**What you are asked to do**
An exact restatement of the data is required, with the images omitted.

== The data

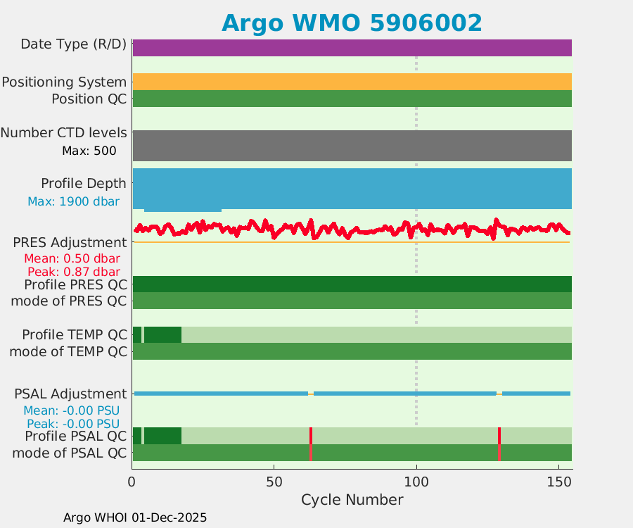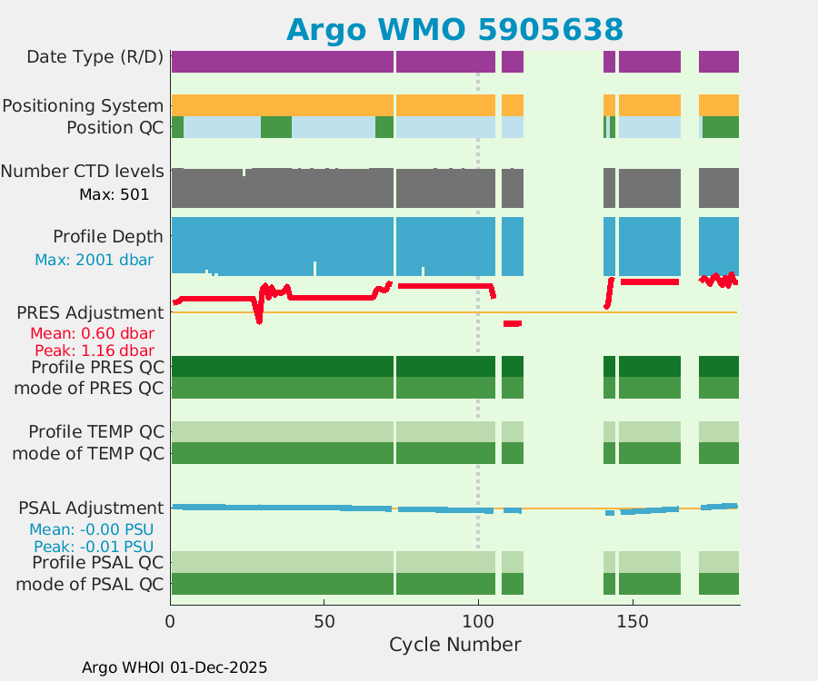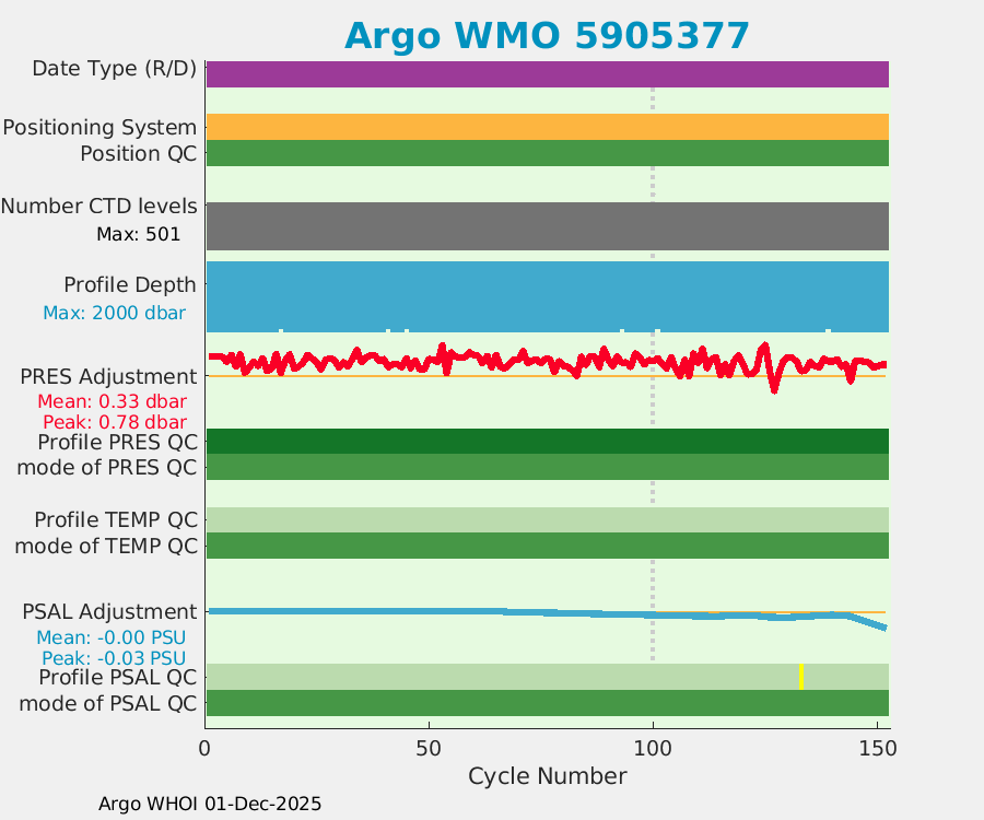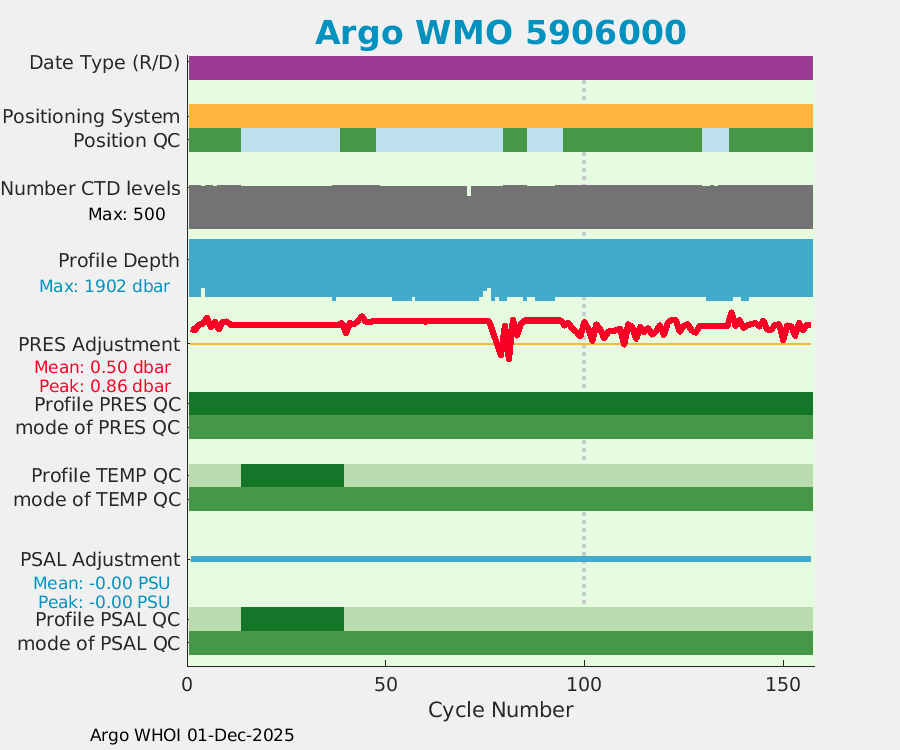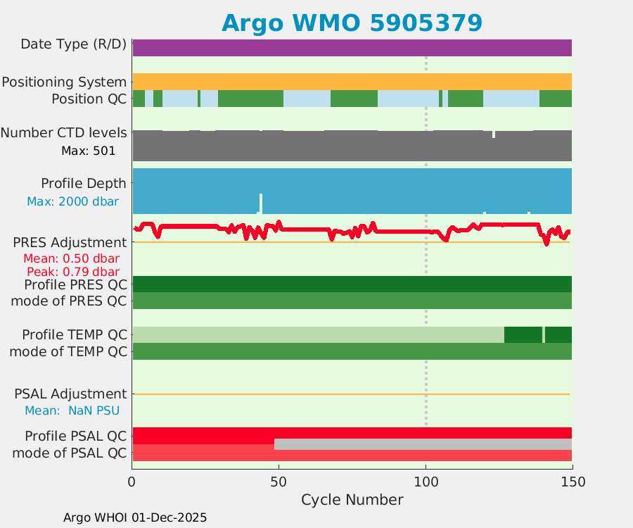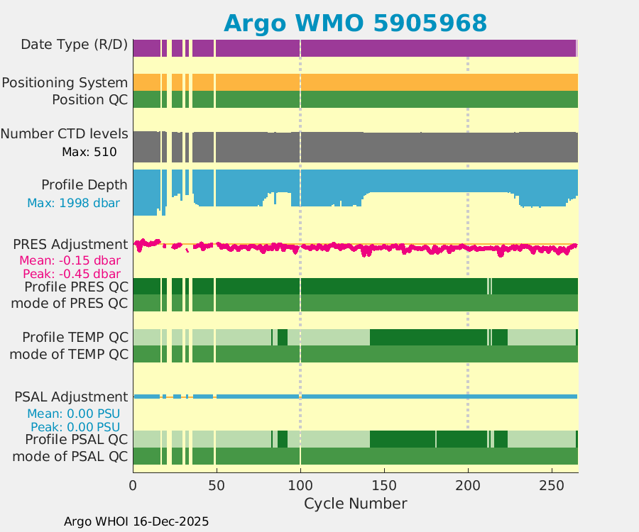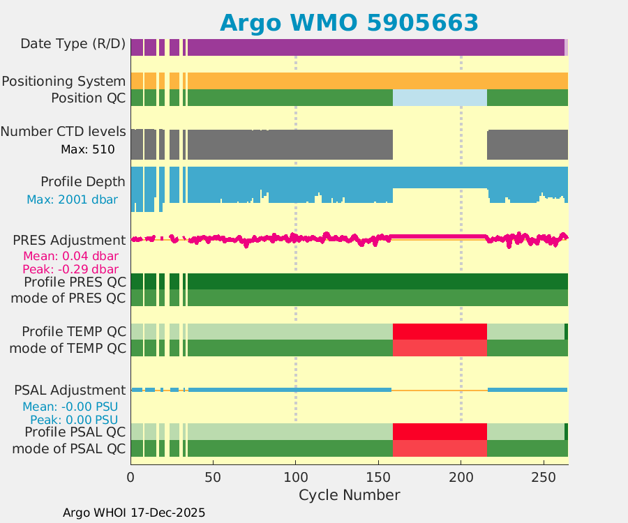 | WMO: #5905643 DAC: aoml PI: STEPHEN RISER APEX: #8277 SBE41CP: #9493 DRUCK_2900PSIA: #10444143 Altimeter Comparison (IFREMER) EuroArgo Link | ![]() |
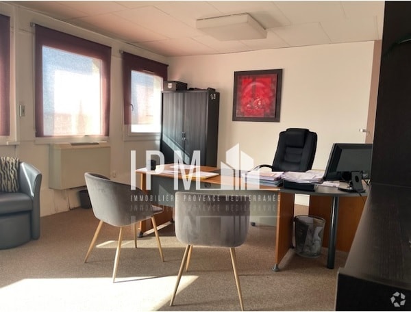 L’agence IPM vous propose à la location des bureaux d’une surface de 193 m2, situés à quelques minutes du centre-ville d’AIX-EN-PROVENCE, dans le quartier en plein renouvellement urbain d’ENCAGNANE. Ce bien situé en étage est traversant, et son exposition permet de bénéficier d’une lumière naturelle et d’une vue dégagée. Il comprend un grand hall d’entrée, 7 bureaux dont un de 24,50 m2, une salle de réunion de 22,50 m2 et un sanitaire privatif. Prestations : sol avec moquette et parquet, dalles de faux plafond, double vitrage avec châssis PVC, chauffage collectif, climatisation, porte blindée, interphone, digicode, ascenseur, ERP5, accès PMR. Environnement de services et commerces. Destination : usage exclusivement professionnel : professions réglementées ou non réglementées, association. Loyer 3 167 € HT/mois Charges 352 € HT/mois (dont eau et chauffage) Foncier 3 110 €/an Dépôt de garantie de 3 mois de loyer Règlement mensuel Honoraires Preneur 15 % HT du loyer annuel HT
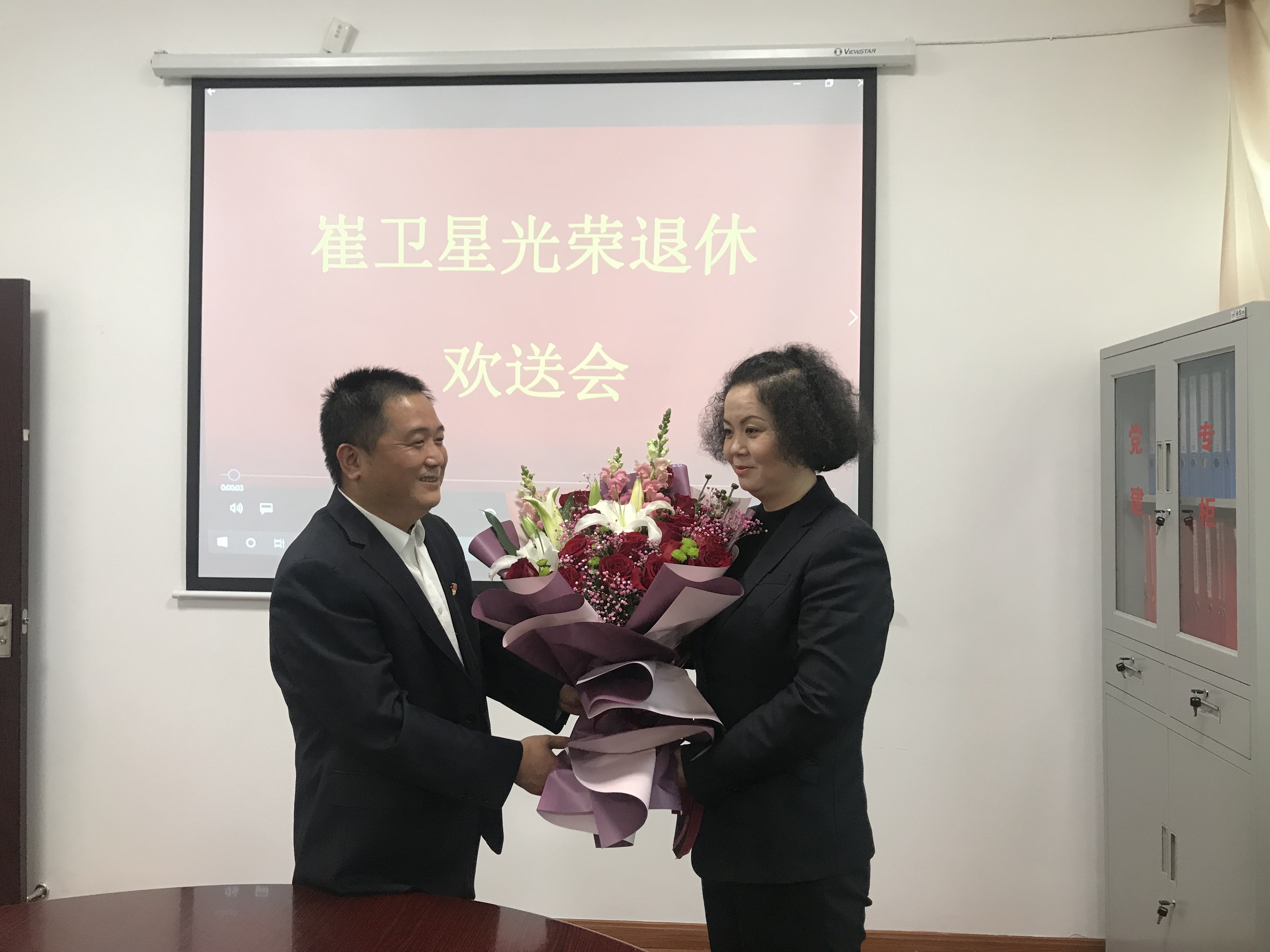 圖為所長王益民為退休員工送上鮮花 “看,這張照片是十多年前的,那時候是長發(fā),現(xiàn)在剪短了?!?/span> “這張是正規(guī)化整治時疊被子的照片?!?/span> “這張是我們三八活動班組的合影照?!?/span> 歡送會上,看著屏幕上播放的一張張照片,同班組的員工們紛紛暢所欲言,大家共同回憶一起奮斗、工作游玩的快樂時光,都感慨時間過得太快了,仿佛這些事情就發(fā)生在昨天。 崔衛(wèi)星激動地表達了對公司的熱愛和對公司美好前景的祝愿,對在一起工作的同事們依依不舍。所領導班子對她十多年來堅守工作崗位,兢兢業(yè)業(yè)、默默為臺州高速奉獻的精神表示充分的肯定與感謝,她的工作態(tài)度值得每一位員工去學習,同時祝愿她退休后的生活更加豐富多彩,希望她以后?;丶铱纯?。
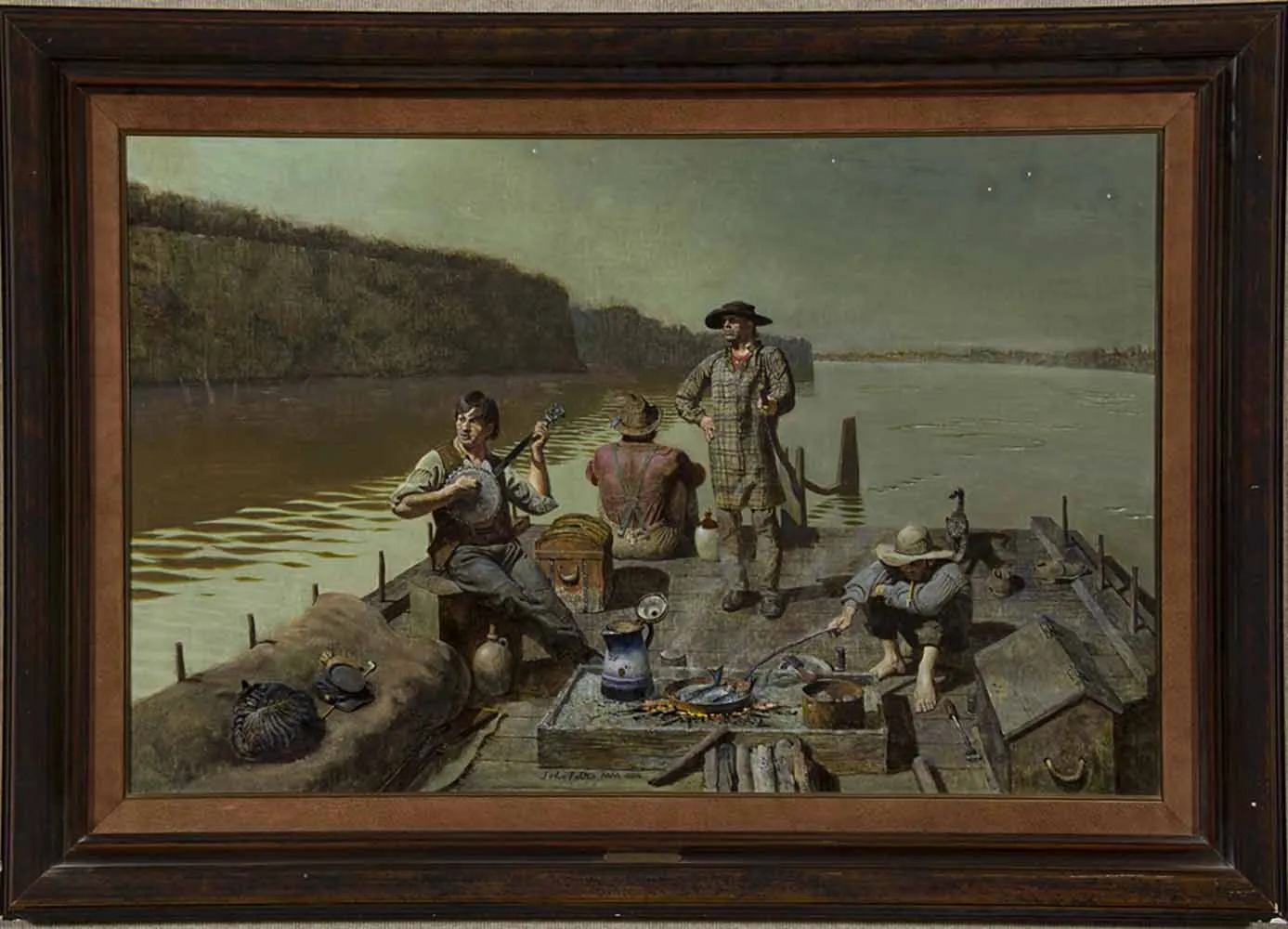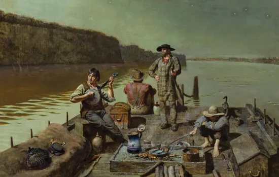 Certainly inspired by the flatboat paintings of George Caleb Bingham, John Falter’s The Bluffs Have Eyes offers an alternative, slightly more realistic posing of river life. Where Bingham offered grand, almost musical depictions of his “jolly flatboatmen,” Falter’s rendition is less romantic, but grittier and more lived-in—perhaps a more authentic representation of a difficult and dangerous profession. Of particular note in the work is the level of detail: two cats, the raised platform that contains the cooking fire, the uniquely dressed figures, a constellation in the night sky and the ripples of jumping fish in the river twilight. A viewer would not require much imagination to hear the soft strums of the banjo music or the gentle lapping of the water against the flat hull of the boat.

====

**Written response**
 | WMO: #5905643 DAC: aoml PI: STEPHEN RISER APEX: #8277 SBE41CP: #9493 DRUCK_2900PSIA: #10444143 Altimeter Comparison (IFREMER) EuroArgo Link | ![]() |
 L’agence IPM vous propose à la location des bureaux d’une surface de 193 m2, situés à quelques minutes du centre-ville d’AIX-EN-PROVENCE, dans le quartier en plein renouvellement urbain d’ENCAGNANE. Ce bien situé en étage est traversant, et son exposition permet de bénéficier d’une lumière naturelle et d’une vue dégagée. Il comprend un grand hall d’entrée, 7 bureaux dont un de 24,50 m2, une salle de réunion de 22,50 m2 et un sanitaire privatif. Prestations : sol avec moquette et parquet, dalles de faux plafond, double vitrage avec châssis PVC, chauffage collectif, climatisation, porte blindée, interphone, digicode, ascenseur, ERP5, accès PMR. Environnement de services et commerces. Destination : usage exclusivement professionnel : professions réglementées ou non réglementées, association. Loyer 3 167 € HT/mois Charges 352 € HT/mois (dont eau et chauffage) Foncier 3 110 €/an Dépôt de garantie de 3 mois de loyer Règlement mensuel Honoraires Preneur 15 % HT du loyer annuel HT
 圖為所長王益民為退休員工送上鮮花 “看,這張照片是十多年前的,那時候是長發(fā),現(xiàn)在剪短了?!?/span> “這張是正規(guī)化整治時疊被子的照片?!?/span> “這張是我們三八活動班組的合影照?!?/span> 歡送會上,看著屏幕上播放的一張張照片,同班組的員工們紛紛暢所欲言,大家共同回憶一起奮斗、工作游玩的快樂時光,都感慨時間過得太快了,仿佛這些事情就發(fā)生在昨天。 崔衛(wèi)星激動地表達了對公司的熱愛和對公司美好前景的祝愿,對在一起工作的同事們依依不舍。所領導班子對她十多年來堅守工作崗位,兢兢業(yè)業(yè)、默默為臺州高速奉獻的精神表示充分的肯定與感謝,她的工作態(tài)度值得每一位員工去學習,同時祝愿她退休后的生活更加豐富多彩,希望她以后?;丶铱纯?。
 Certainly inspired by the flatboat paintings of George Caleb Bingham, John Falter’s The Bluffs Have Eyes offers an alternative, slightly more realistic posing of river life. Where Bingham offered grand, almost musical depictions of his “jolly flatboatmen,” Falter’s rendition is less romantic, but grittier and more lived-in—perhaps a more authentic representation of a difficult and dangerous profession. Of particular note in the work is the level of detail: two cats, the raised platform that contains the cooking fire, the uniquely dressed figures, a constellation in the night sky and the ripples of jumping fish in the river twilight. A viewer would not require much imagination to hear the soft strums of the banjo music or the gentle lapping of the water against the flat hull of the boat.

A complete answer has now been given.